Objective
I am processing some files then uploading them to the cloud. My objective is to have an async producer and consumer. The producer copies data from a database, and compresses files, while the consumer uploads files to the cloud. My objective is to produce tasks as soon as they are available but only consume them one by one (I am trying to avoid sending too many files to s3 as I get throttled by aws).
What I have tried to do
I have successfully created a queue of a consumer and producer; however, my producer seems to be producing one item at a time.

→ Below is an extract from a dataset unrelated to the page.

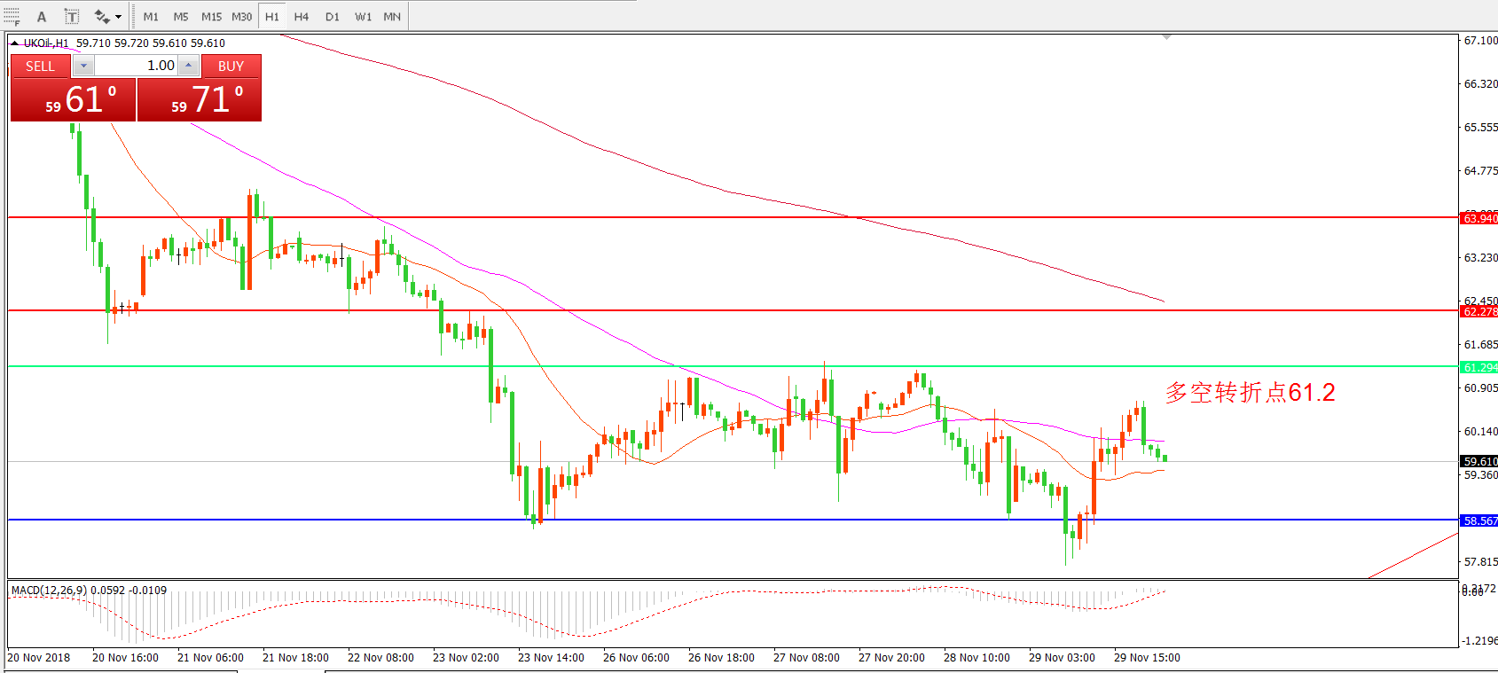 小时图看,油价快速下探58美元关口后快速反弹,但面对短期多空转折点61.20依然无力上行,整体走势偏弱,MACD绿柱缩短,整体思路依然以逢高做空为主。

Here is the code I have tried (please let me know if I can add any further code):
import asyncio
import concurrent.futures
import logging
from asyncio import Queue
import aiobotocore
import asyncpg
import uvloop
from asyncpg.pool import Pool
from aws_async import upload_to_s3
from helpers import gather_with_concurrency, chunk_query, build_query, parquet_data
from pg_async import pg_copy
from resources.config import ARGS, PG_CONFIG, AWS_S3_CONFIG
# Defaults to CPU count and spawns up to 32 threads
EXECUTOR = concurrent.futures.ThreadPoolExecutor()
async def producer(query: str, pool: Pool, q: Queue):
# I expect all that loop to run async but it runs 1 by 1..
for qr in query:
# Process query and place (asynchronously) into queue
query_data = await pg_copy(pool, qr)
await q.put(query_data)
async def consume(queue, client, bucket):
while True:
item = await queue.get()
if item is None:
break
await upload_to_s3(client, bucket, item)
queue.task_done()
async def main():
# Define parameters based on parsed args
queries = build_query(ARGS.query, bool(ARGS.chunks), chunk_query, chunks=ARGS.chunks, chunk_col=ARGS.chunk_col)
# Define pool
pool = await asyncpg.create_pool(**PG_CONFIG)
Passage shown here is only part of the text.